Accumulating evidence shows that specialized structures of white blood cells (lymphocytes), named tertiary lymphoid organs (TLOs), can form inside tumors and play a crucial role in fighting cancer progression. Unlocking the formation and functions of TLOs holds great promise for advancing cancer immunotherapy, but studying TLOs remains challenging due to the substantial disparities between humans and animal models. To address this, Dr. Peng [Connie and Bob Lurie Fellow] will leverage single-cell sequencing data and high-throughput screening methods to investigate a key initiator of TLO formation in human tumors. He further plans to develop innovative genetic models that enable the study of TLOs in a human-specific context within living organisms. By unraveling the intricacies of TLO biology, Dr. Peng aims to uncover novel therapies that can augment cancer immunotherapy and enhance treatment outcomes across various cancer types.  Dr. Peng received his PhD from Baylor College of Medicine, Houston and his BS from Zhejiang University, Hangzhou, Zhejiang.
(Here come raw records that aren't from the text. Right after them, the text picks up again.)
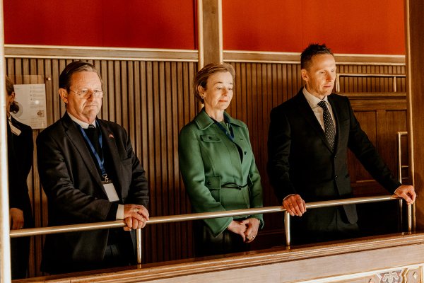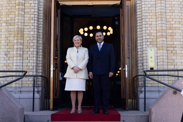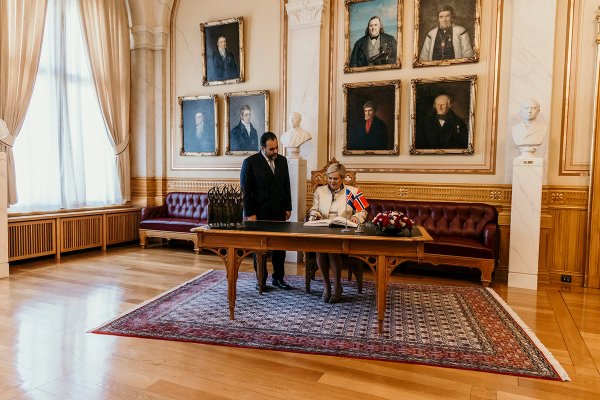 Forseti heimsækir norska Stórþingið og á fund með Masud Gharahkhani, forseta þingsins. Fundinn sat einnig Þorgerður Katrín Gunnarsdóttir utanríkisráðherra auk starfsmanna. Rætt var um stöðu mála á alþjóðasviðinu og náið samstarf Íslands, Noregs og Norðurlanda allra. Gharahkhani leiddi einnig forseta og ráðherra um bygginguna og sagði frá sögu hússins og þingsins. Heimsóknin í Stórþingið var liður í dagskrá þriggja daga ríkisheimsóknar forseta til Noregs, en lesa má nánar um dagskrána hér.
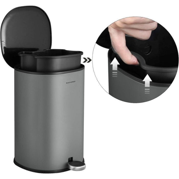 SONGMICS 5-litrski pedalni koš iz jekla z notranjo posodo in ročajem na pokrovu, tesnilni pokrov, za kopalnico in stranišče, siva in črna, model LTB14GS
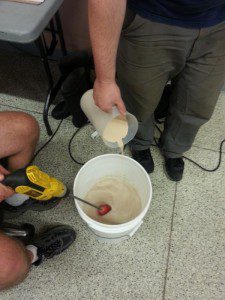 After the mash cooks and cools, a small amount of the mash is taken out of the tank and the yeast is mixed into it.
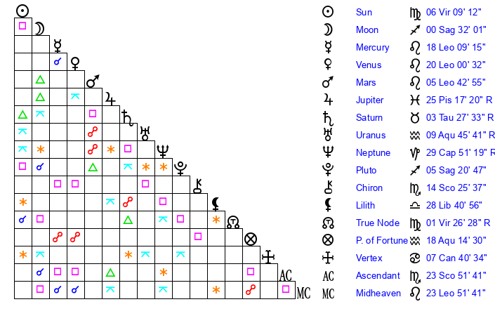 | Mercury | 18 Leo 9 | 22 Leo 50 | 2 Libra 20 |
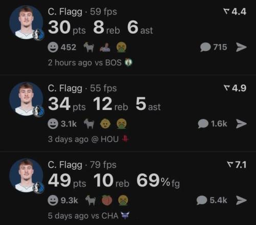 赛季至今,弗拉格为独行侠首发出战46场比赛。场均出战34.1分钟,得到20.1分6.7篮板4.2助攻1.2抢断0.8盖帽2.2失误,三项命中率:48.4%,29.4%,80.2%。场均得分2025届新秀第一,篮板同届第二,助攻同届第三。
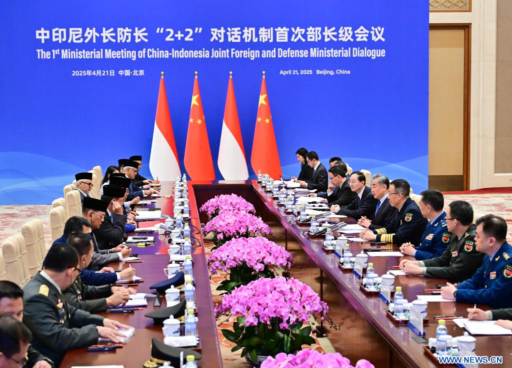 BEIJING, 21 avril (Xinhua) -- La Chine et l'Indonésie ont tenu lundi la première réunion ministérielle du Dialogue conjoint des ministres des Affaires étrangères et de la Défense à Beijing.
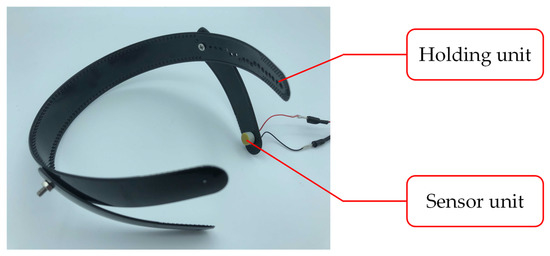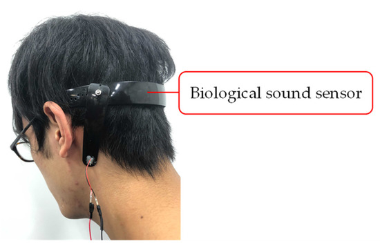We decided to measure the biological sound around the mastoid process of the subjects. The mastoid process is a cone-shaped bony prominence located in the posterior inferior portion of the temporal bone [32]. This position enables simultaneous measurement of vascular and respiratory sounds because of its proximity to blood vessels and the trachea. Furthermore, it alleviates the discomfort felt by the user when wearing the sensor. Figure 4 shows a photograph of a subject wearing the biological sound sensor.
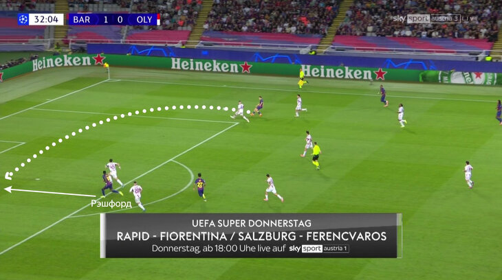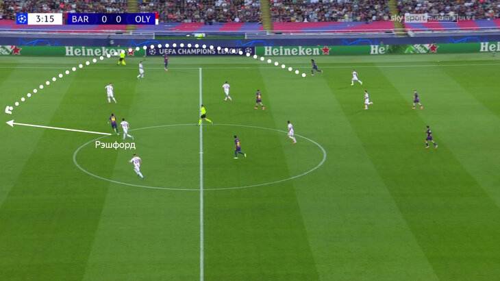 Сначала «Барселона» использовала скорость и часто искала Рэшфорда закидушками за спину. Маркус постоянно искал бреши между защитниками и был готов к передаче. Наиболее опасно получилось в начале игры, когда хозяева преодолели прессинг, и Жюль Кунде увидел движение форварда («Олимпиакос» спас своевременный выход голкипера).
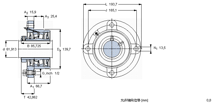SKF轴承 > 法兰型滚子轴承单元,锁定套和套栓,用于英制轴 > FYRP2.7/16-18
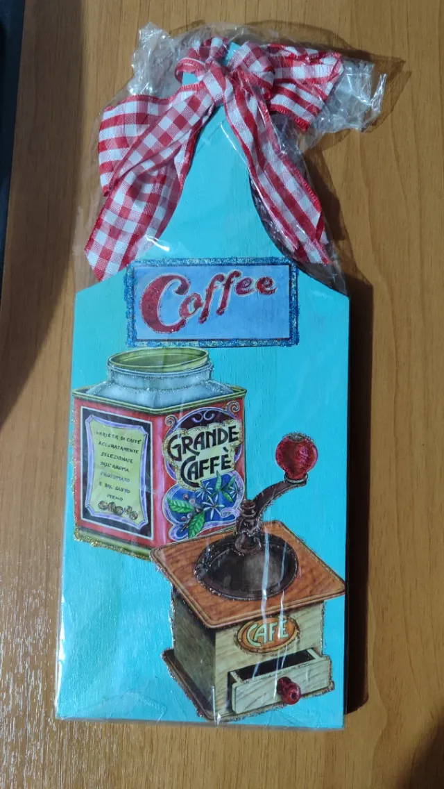 Dettagli del prodottoBellissimo tagliere in legno decorato a mano con tecnica decoupage, a tema Coffee.
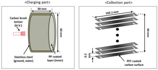 In this study, a two-stage ESP, which consisted of a charging part and a collection part, was developed for the PM removal test with electrothermal carbon surfaces. A detailed view of the two-stage ESP is shown in Figure 2. The charging part (40 × 40 × 30 mm3) consisted of a carbon brush-type ionizer located at the center of the duct (Figure 2, left), and the collection part (40 × 40 × 100 mm3) consisted of collection plates and the ground plates with a 2-mm gap distance (Figure 2, right). In the charging part, a commercial carbon brush-type ionizer was selected with an average fiber diameter of ~7 μm, which is optimal for discharge electrodes to minimize ozone generation [,,,] with negative high voltage. Moreover, a plastic (polypropylene; PP) coating was applied to the metal ground electrode of the discharging stage to effectively suppress the generation of ozone [] in the charging part of the two-stage ESP. In the collection part, PET-coated carbon surfaces were used for both the collection plate and ground electrodes. With the flexibility of the PET coating surfaces, the gap distance between the electrodes could be maintained with a high specific surface area and a light weight [].
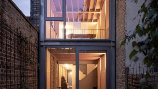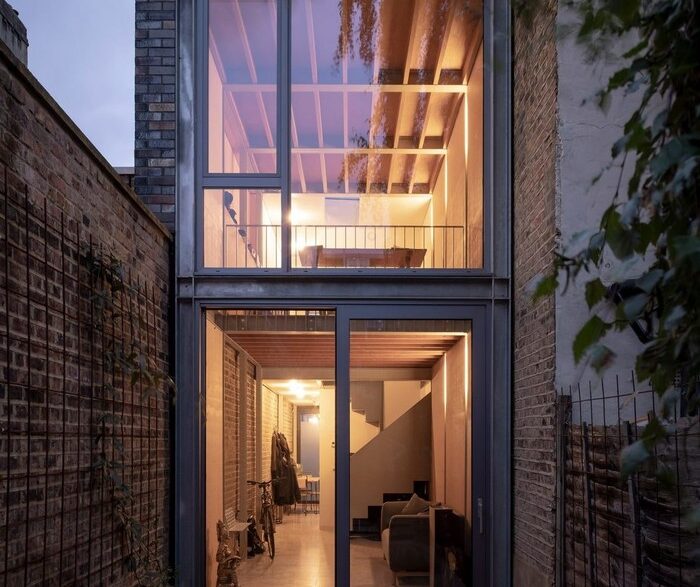 Новый объект пришлось строить в узком переулке между уже существующими домами, поэтому его ширина составляет всего 2,8 метра. В этом проекте архитекторы использовали стальной несущий каркас, поддерживающий внутренние деревянные конструкции. Узкий дом получил большие окна, а для визуального увеличения внутреннего пространства количество перегородок тут минимизировали. Фасады у нестандартного городского сооружения кирпичные.
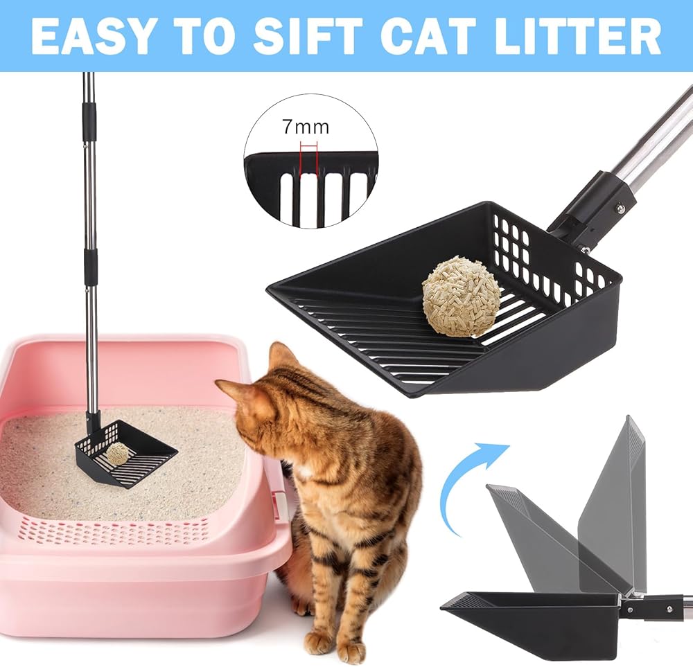 • تصميم فريد: تم تصميم مغرفة فضلات القطط هذه ذات المقبض الطويل خصيصًا للعظام الكسولة. لا تحتاج إلى ثني ظهرك في كل مرة تقوم فيها بتنظيف صندوق الفضلات. قف أو اجلس على كرسي وقم بكل العمل بسهولة، مما ينقذ ظهرك من الألم. إذا كان لديك صندوق فضلات بغطاء، فلن تضطر إلى إزالة الغطاء كلما قمت بتنظيفه.
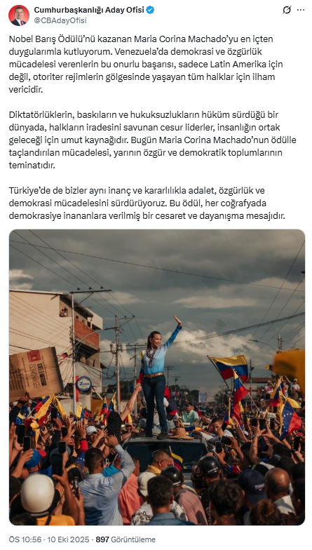 "Nobel Barış Ödülü’nü kazanan Maria Corina Machado’yu en içten duygularımla kutluyorum.
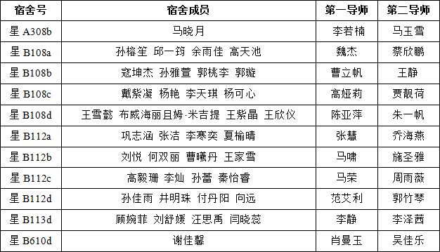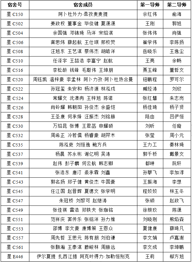 w66利来旗舰厅第二届“宿舍导师团”成员名单
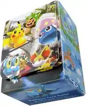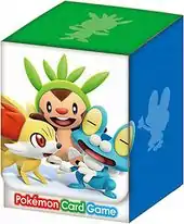 Deck case: The Chespin, Fennekin & Froakie Deck Case (Japanese: デッキケース ハリマロン・フォッコ・ケロマツ Deck Case: Harimaron•Fokko•Keromatsu) has capacity to store 180 cards and comes with 2 dividers featuring the same artwork as the case itself—one is white and the other has red, green, and blue stripes matching the color scheme of the case sides and top.

Cancer immunotherapies have shown remarkable benefits, but many tumors remain unresponsive to existing treatments. The mechanisms cancer cells use to evade immune responses during treatment remain largely unknown. Altered cell surface glycosylation, the process of attaching sugars to cell surface biomolecules, is a hallmark of many human cancers. The interaction between cell surface glycoproteins on immune cells with cancer cells represents a major axis of immune evasion and plays a vital role in how cancer cells suppress immune responses during cancer treatment. Dr. Roberts’ [Connie and Bob Lurie Fellow] research aims to molecularly define cell surface glycosylation and understand the role of glycosylation in driving cancer immunosuppression. This knowledge will be leveraged to illuminate the underlying mechanisms of tumor immune evasion and enable next-generation classes of cancer immunotherapies. Dr. Roberts received his PhD from University of Wisconsin–Madison, Madison and his BS from University of California, San Diego.

Bacteria have diverse immune systems to defend themselves against viral invaders, many of which use molecular mechanisms also seen in mammalian immune systems. Dr. Roney [HHMI Fellow] studies how bacterial immune systems detect virally compromised cells, and how viruses undermine immune systems to prevent the elimination of virally compromised cells from the population. The goal of his research is to uncover novel mechanisms and principles of immune systems that are found across domains of life. The discoveries resulting from this work will broaden our understanding of how immune systems detect and eliminate compromised cells, like cancer cells, and could help guide development of new immunotherapies. Dr. Roney received his PhD from Harvard University, Cambridge and his MS and BS from University of Ottawa, Ottawa.